Bila anda ingin mencintai dengan kuat, maka anda harus mampu memperhatikan dengan baik, menerimanya apa adanya dengan tulus, lalu berusaha mengembangkannya semaksimal mungkin, kemudian merawatnya... menjaganya dengan sabar. Itulah rangkaian kerja besar para pecinta; pengenalan, penerimaan, pengembangan dan perawatan.

Apakah anda telah mengenal isteri anda dengan seksama? Apakah anda mengetahui dengan baik titik kekuatan dan kelemahannya?

Apakah anda mengenal kecenderungan-kecenderungannya? Apakah anda mengenal pola-pola ungkapannya; melalui pemaknaan khusus dalam penggunaan kata, melalui gerak motorik refleksinya, melalui isyarat rona wajahnya, melalui tatapannya, melalui sudut matanya? Apakah anda dapat merasakan getaran jiwanya, saat ia suka dan saat ia benci, saat ia takut dan begitu membutuhkan perlindungan? Apakah anda dapat melihat gelombang-gelombang mimpi-mimpinya, harapan-harapannya?

Sekarang perhatikanlah bagaimana tingkat pengenalan Rosululloh saw terhadap istrinya, Aisyah. Suatu waktu beliau berkata, "Wahai Aisyah, aku tahu kapan saatnya kamu ridha dan kapan saatnya kamu marah padaku. Jika kamu ridha, maka kamu akan memanggilku dengan sebutan: Ya Rosulullah! tapi jika kamu marah padaku, kamu akan memanggilku dengan sebutan: Ya Muhammad!. Apakah beda antara Rosululloh dan Muhammad kalau toh obyeknya itu-itu saja? Tapi Aisyah telah memberikan pemaknaan khusus ketika ia menggunakan kata yang satu pada situasi jiwa yang lain. Pengenalan yang baik harus disertai penerimaan yang utuh. Anda harus mampu menerimanya apa adanya.
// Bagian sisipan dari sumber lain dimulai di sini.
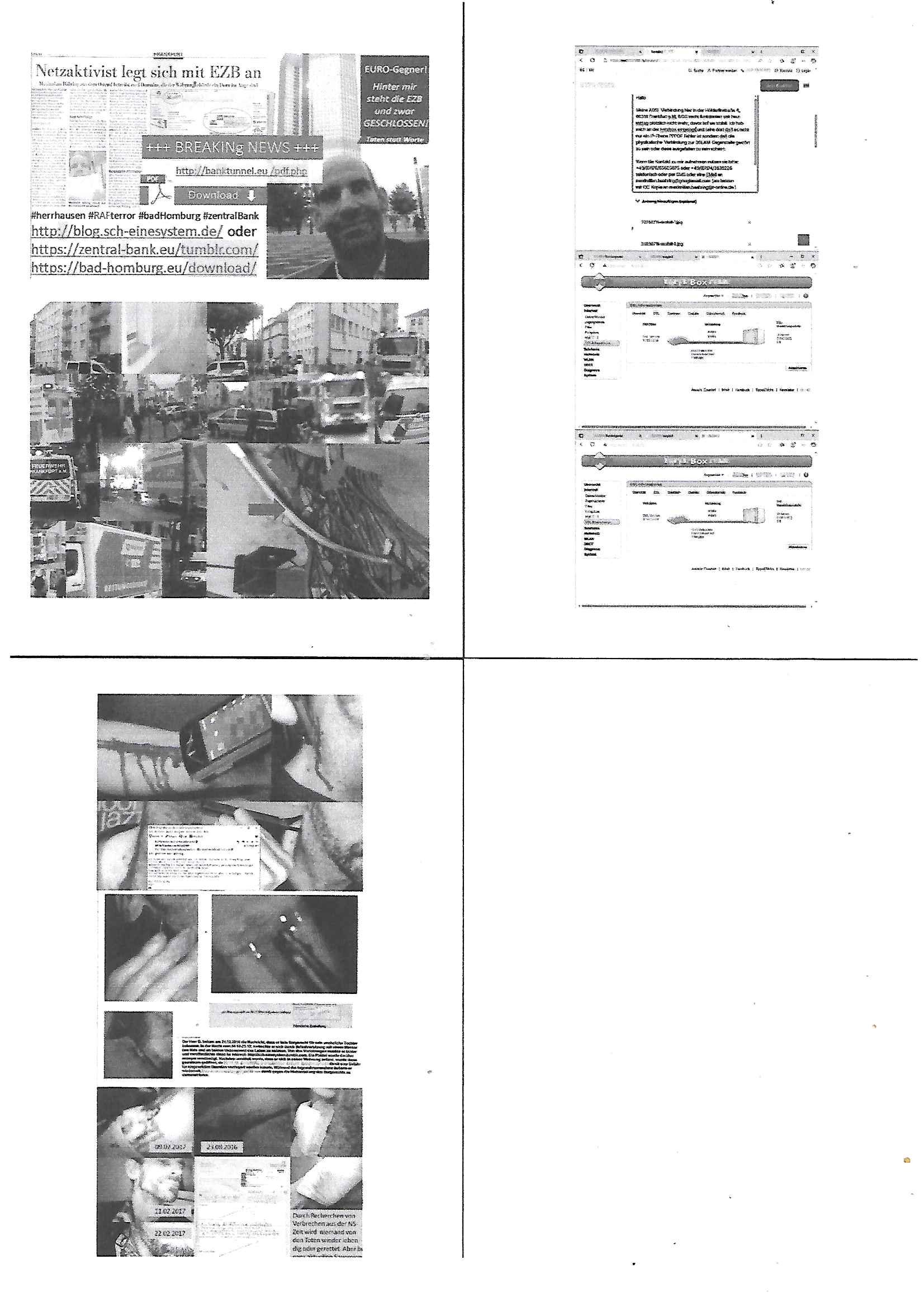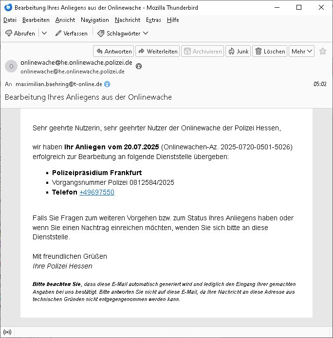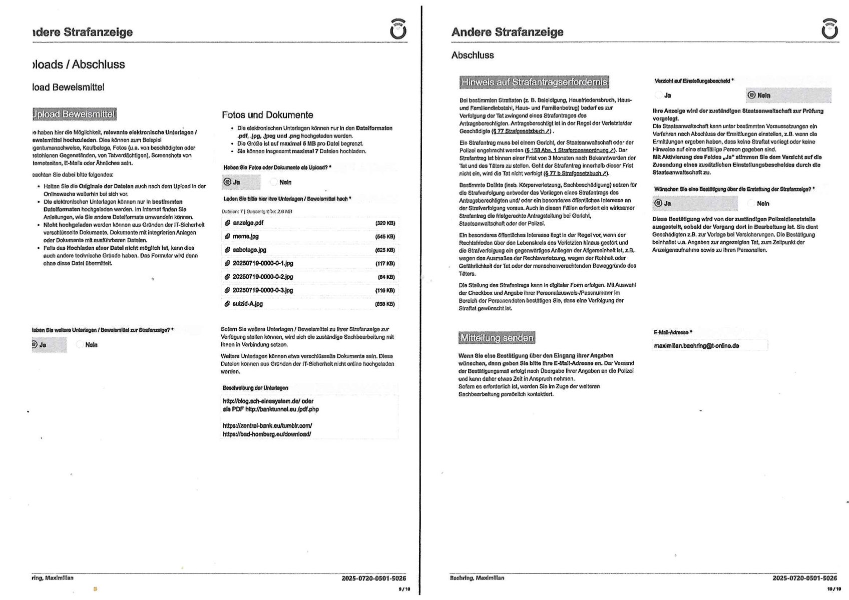 20.07.2025 05:02 Andere Strafanzeige, So 20 Jul | Baehring, Maximilian Andere Strafanzeige Ihr Vorgang wurde unter folgendem Onlinewachen-Az. angelegt: 2025-0720-0501-5026 Belehrung Bestätigung * 1 / 10 Andere Strafanzeige Baehring, Maximilian 2025-0720-0501-5026 Beschuldigtenbelehrung Sollten Sie sich selbst anzeigen wollen, sind Sie Beschuldigter einer Straftat. In diesem Fall trifft auf Sie die Beschuldigtenbelehrung zu. Belasten Sie sich durch Ihre Anzeige selbst? * Nein 2 / 10 Andere Strafanzeige Baehring, Maximilian 2025-0720-0501-5026 Personendaten Personalien Sind Sie selbst Geschädigte/r? * Ja, ich bin selbst geschädigt Eigene Personalien Nachname * Baehring Akad. Grad Vorname * Maximilian Geschlecht * männlich Geburtsort * Bad Homburg Geburtsdatum * 21.07.1975 Geburtsland * Deutschland Staatsangehörigkeit deutsch Zusätzliche Staatsangehörig. Familienstand Personalausweis- / Passnummer Kontaktdaten Telefonnummer * 017665605075 Weitere Telefonnummer E-Mail * maximilian.baehring@t- online.de Adresse Staat * Deutschland Bundesland * Hessen Ort * Frankfurt am Main Postleitzahl * 60316 Straße * Hölderlinstraße Nr. * 4 Zus. /6.OGr e Digitaler Strafantrag In einigen Fällen fordert das Gesetz zur Verfolgung der Tat einen Antrag (Strafantrag) der berechtigten Person (§77 StGB ? ). Hiermit bestätigen Sie, dass eine Verfolgung der Tat gewünscht ist. Zur Prüfung der Antragsberechtigung ist die Eingabe Ihrer Personalausweisnummer erforderlich. Ich stelle Strafantrag Strafantrag 3 / 10 Andere Strafanzeige Baehring, Maximilian 2025-0720-0501-5026 Tatangaben Wann geschah die Tat? * Ich kann einen Tatzeitpunkt benennen Zeitpunkt Datum * 18.07.2025 Uhrzeit * 15:00 Feststellzeitpunkt des Sachverhalts Datum Uhrzeit Ist Ihnen bekannt, wo sich die Straftat ereignet hat? * Ja Tatort Staat * Deutschland Bundesland * Hessen Ort * Frankfurt am Main Postleitzahl 60316 Straße * Hölderlinstraße Nr. 4 Zus. Weitere Angaben zum Tatort Appartement unter mir oder Keller Angaben zu Tatverdächtigen * Ich kann Angaben zu einer/m Tatverdächtigen machen Ich kann Angaben zu einer tatverdächtigen Firma/Institution machen Ich kann keine Angaben zu Tatverdächtigen machen Andere Strafanzeige Baehring, Maximilian 2025-0720-0501-5026 4 / 10 Tatverdächtige Tatverdächtige Person 1 Nachname C***kovic Akad. Grad Vorname Blas+K.O. Geschlecht Geburtsort Geburtsdatum Geburtsland Staatsangehörigkeit Zusätzliche Staatsangehörig. Familienstand Kontaktdaten Telefonnummer Weitere Telefonnummer Staat Deutschland Bundesland Hessen Ort Frankfurt am Main Postleitzahl 60316 Straße Hölderlinstraße Nr. 4 Zus. /UG Personenbeschreibung / weitere Angaben zur/zum Tatverdächtigen Auf welchem Weg haben Sie diese Daten erlangt? * legalem 5 / 10 Andere Strafanzeige Baehring, Maximilian 2025-0720-0501-5026 Sachverhalt 6 / 10 Andere Strafanzeige Baehring, Maximilian 2025-0720-0501-5026 Andere Strafanzeige Welche Straftat wollen Sie anzeigen? * Comutersabotage kappen von Fetsnetz/DSL- Anshclußleitungskabeln - vehctes inden Suzid hetzen per Psychoterror Beschreiben Sie den Sachverhalt möglichst detailliert * rest des texts: siehe anhang oder http://banktunnel.eu/sch-einesystem/20250719.htm ([1] http://banktunnel.eu/sch-einesystem/20250720.htm auch als PDF-Datei (sch-einesystem.163) ([2] zum download unter http://banktunnel.eu/pdf.php #herrhausen#RAFterror#badHomburg#zentralBank http://blog.sch-einesystem.de/ oder https://zentral-bank.eu/tumblr.com/ https://bad-homburg.eu/download/ --- [1] URL-Format http://banktunnel.eu/sch-einesystem/YYYYMMDD.htm YYYY = Year/Jahr, MM = Month/Monat, DD = Day/Tag [2] URL-Format http://banktunnel.eu/tumblr.com/sch-einesystem.###.pdf ### = fortaulfene, seit 84 monatlich um 1 erhöhte Nummer wahlweise als PDF oder HTML Datei, auch per HTTPS (SSL) https://zentral-bank.eu/tumblr.com/sch-einesystem.###.htm --- Wie sie wissen kann ich nichts für meine Rechtschreibung, das ist so seitdem ich von Cops mit dem kopf gegen die wand gehauen wurde 10 Tage nachdem ich sie wegen Korruption strafazeiget am 13. Mai 2013. Zuvor hate ich seit Ende 2006/Anfang 2007 versucht die Polizei und Staatsanwaltschaft hier zum arbeiten zu bewegen (z.B. 3 Zs 1795/08 GStA FFM) nachdem ich schon nach Wiesbaden fahren musste (BKA/LKA/Kotakt bei Polize RlP Wielandt) als korrupte Cops in Bad Homburg nicht arbeiteten. Abetwa 2009 kam es zu Sabotageakten an der Haustechnik hier, der Vermieter wurde erpresst vondern mainova, ich hab das angezeigt. Dann wurd ich von einem mann, dem Unter-mieter meiner Nachbarin "kataj Zajac" aus einem appartement untendrunter "Piotr Michalek" fast halbtot gewürgt ( "wuergerjagd" blog) dazu gab es 2016/2017 ein Verfahren, ich mußte mich am 08. August 2015 (?) notwehren asl ich für die polize Fahndunsg-fotos schoß wie abgesprochen. Immer wieder gab es Ärger im Haus, man schaltete den Strom ab und wollte mich zwingen siets deshsusietere Strom aus der neue hauseigenen Solaranlage zu überhöhten Preisen zu kaufen statt dem Tarif der Stadtwerke. Es sidn genau die Probleme die auch die zahlungssäumigen Mieter meiner Eltren in der Kappesgasse 2(a?) Bad Homburg Ober Erlenbach hatten. Eprssungen duch Öko-terror-Durückerkolonenn. Immer wider vruchteman mich zu eprssne DSL verträge mit Vorsncaner zansgabos oder ähliche Zustabaos abzu- schließen die ich nicht wollte. Etwa 2012 erfuhr ch vonenm fühern abriets/barchenkollegendvondaß der Ex-Frund dermutermeienrtchtermysteriös auf ienr BDSM/SAdo_amso paryt ums Leben gekomen sei udn hatesoftr grosse Angst ums Kind, stellte trotz daß ich erprsst wrden war udn man mir das Kidn indieerblien hinvgletgt hate 1999 uter Vgeiftung mit Pscho-Drogen Sorgechtsantrag ( "tabea-lara" - das ist der name des m19.9.200 gebroren kindes - blog). di evrgeltgungdern opfr ichwurde habich 7 / 10 Andere Strafanzeige Baehring, Maximilian 2025-0720-0501-5026 angeszget 3zs 1795/08 GStA FFM. Man hatmir ds kind indie erblievegreltgt weil ich als Rektere eure Ztung Korrution i

Apa yang sering menghambat dlm proses penerimaan total itu adalah pengenalan yang tidak utuh atau "obsesi" yang berlebihan terhadap fisik.

Anda tidak akan pernah dapat mencintai seseorang secara kuat dan dalam kecuali jika anda dapat menerima apa adanya. Dan ini tidak selalu berarti bahwa anda menyukai kekurangan dan kelemahannya. Ini lebih berarti bahwa kelemahan dan kekurangan bukanlah kondisi akhir kepribadiannya, dan selalu ada peluang untuk berubah dan berkembang. Dengan perasaan itulah seorang ibu melihat bayinya. Apakah yg ia harap dari bayi kecil itu ketika ia merawatnya, menjaganya, dan menumbuhkannya? Apakah ia yakin bahwa kelak anak itu akan membalas kebaikannya? Tidak. Semua yg ada dlm jiwanya adalah keyakinan bahwa bayi ini punya peluang utk berubah dan berkembang. Dan karenanya ia menyimpan harapan besar dlm hatinya bahwa kelak hari-hari jugalah yg akan menjadikan segalanya lebih baik. Penerimaan positif itulah yang mengantar kita pada kerja mencintai selanjutnya; pengembangan.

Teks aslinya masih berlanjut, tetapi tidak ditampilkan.